Let’s see what is
This morning, I am sitting in the garden of West Winds Cottage in Buckden. The garden is English in all the ways we’ve both read about and now seen with our own eyes: manicured tufts of lavender, flowering shrubs, border plants, potted flowers in cascading tiers, and climbing roses everywhere. There is a small lawn with half-size picnic tables, at one of which I now sit with a quickly cooling cup of tea.
Yesterday, walking the 12-1/2 miles from Grassington to Buckden, Steve and I continued to perfect this new way of navigating—a guidebook containing highly detailed descriptions of our walking route (“Here, you will pass a stone barn on your left, and a stile straight ahead. Though it might look tempting, ignore the good track to your right and carry on through the stile and cross the next 2 fields diagonally, passing through 2 more stiles at the stone walls.”), aided somewhat by a map of each stage of the day’s journey.

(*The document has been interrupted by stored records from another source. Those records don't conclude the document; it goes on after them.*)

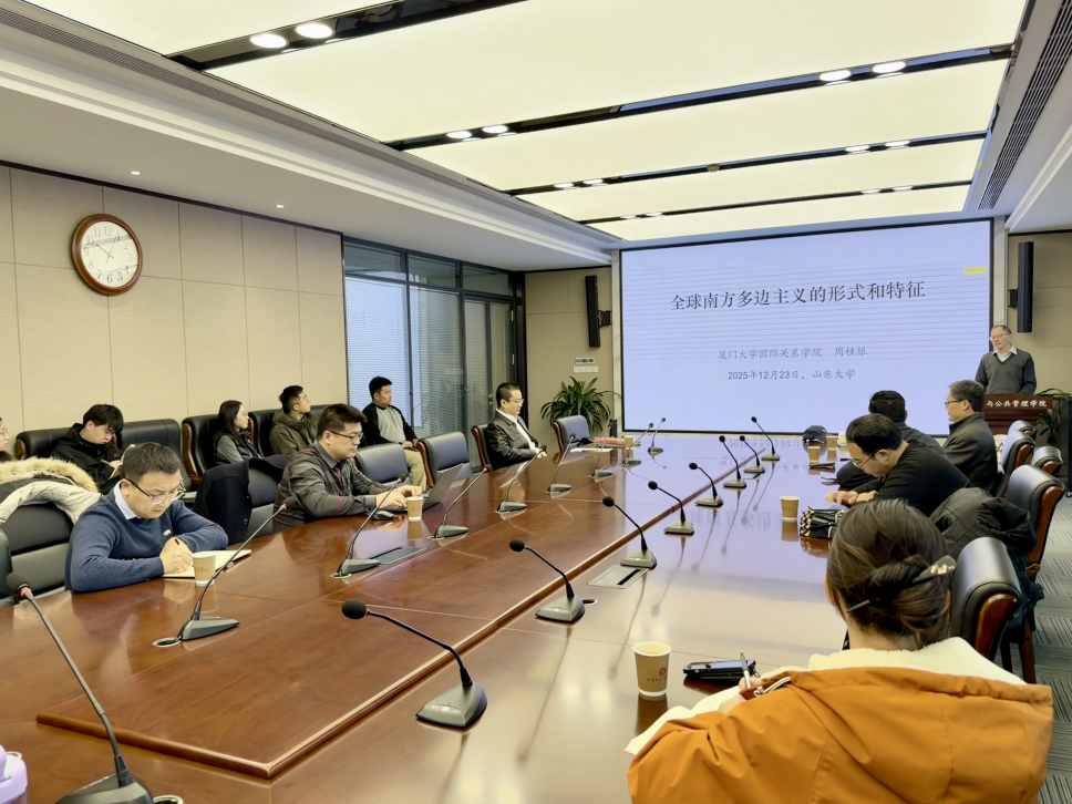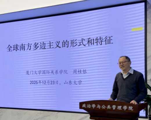12月23日上午,由8858cc永利、8858cc永利上海合作组织研究院、8858cc永利公共安全研究院、中国—上海合作组织经贸学院联合主办的“合作与发展”系列讲座第三十六期在青岛校区举办。本期讲座特邀厦门大学国际关系学院/南洋研究院资深教授、C刊《南洋问题研究》副主编周桂银担任主讲嘉宾,主题为“全球南方多边主义的形式和特征”。8858cc永利特聘教授、泰山学者特聘专家、上海合作组织研究院执行院长盛力主持讲座,8858cc永利师生代表参加了本次学术交流。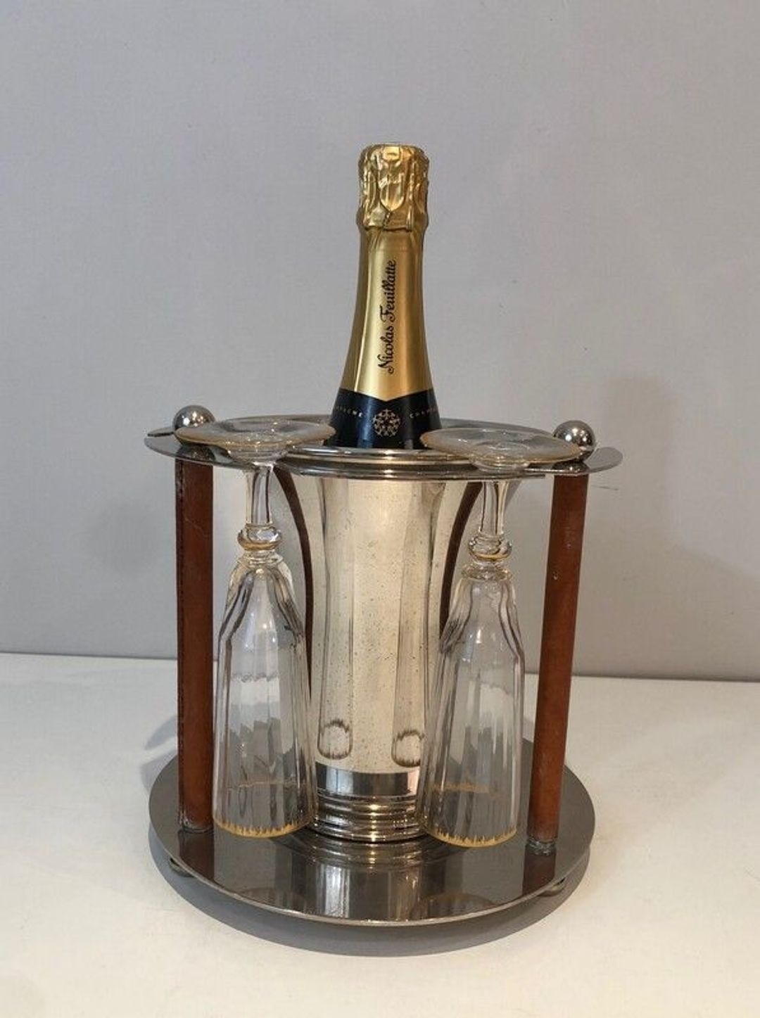 Combined champagne bucket and flute holders of this type are rare. Most champagne services of the period kept the ice bucket and the glasses separate; the integration of both into a single freestanding presentation object requires a considerably more ambitious design solution, and the maker of this piece has resolved it with notable elegance. The service functions perfectly: the bucket chills the bottle while the flutes, held in the ring above, are kept close to hand and displayed to advantage.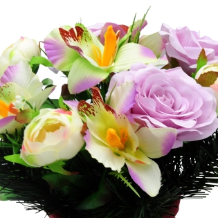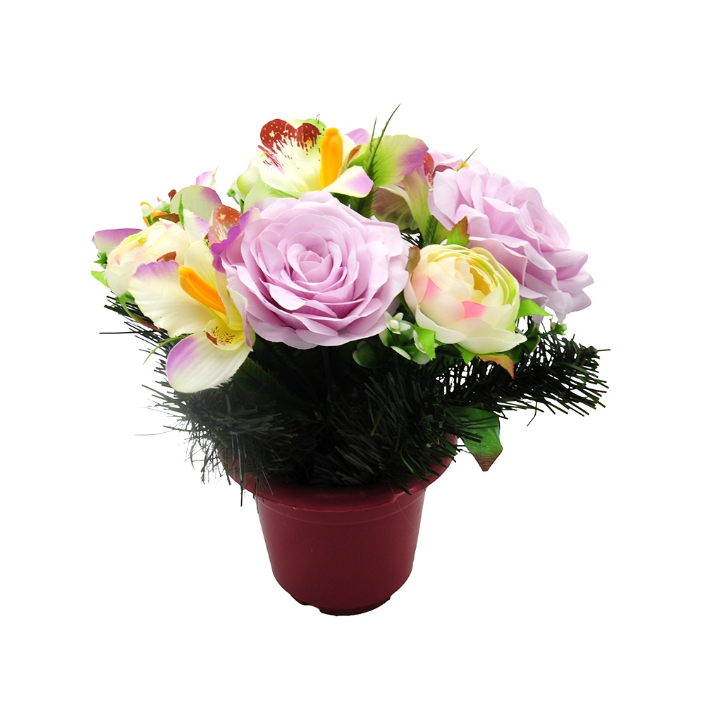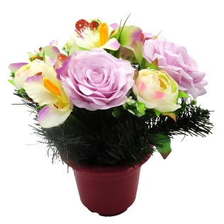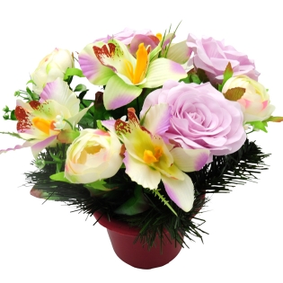 Dirbtinė rožių ir orchidėjų puokštė vazone – patvari, estetiška ir nereikalaujanti priežiūros. Vazonas yra sunkus, su tvirtu pagrindu, todėl stabiliai stovi net lauke. Puikiai tinka kapams papuošti ar namų dekorui.

It would be an egregious omission if I didn’t tell you that we have gotten a little lost more than once. We have our different ways of approaching this: Steve, first and foremost, refers back to the guidebook. This is a solid plan. The writer has not been wrong once, and so has proven that she is a reliable source. Given the data, re-reading her instructions is surely the best course of action. For my part, I look around (which can be highly distracting here. In every direction, the views are breathtaking!). In many cases there are paths leading in several directions, but a look just beyond where we are may reveal a landmark that makes the way ahead clear.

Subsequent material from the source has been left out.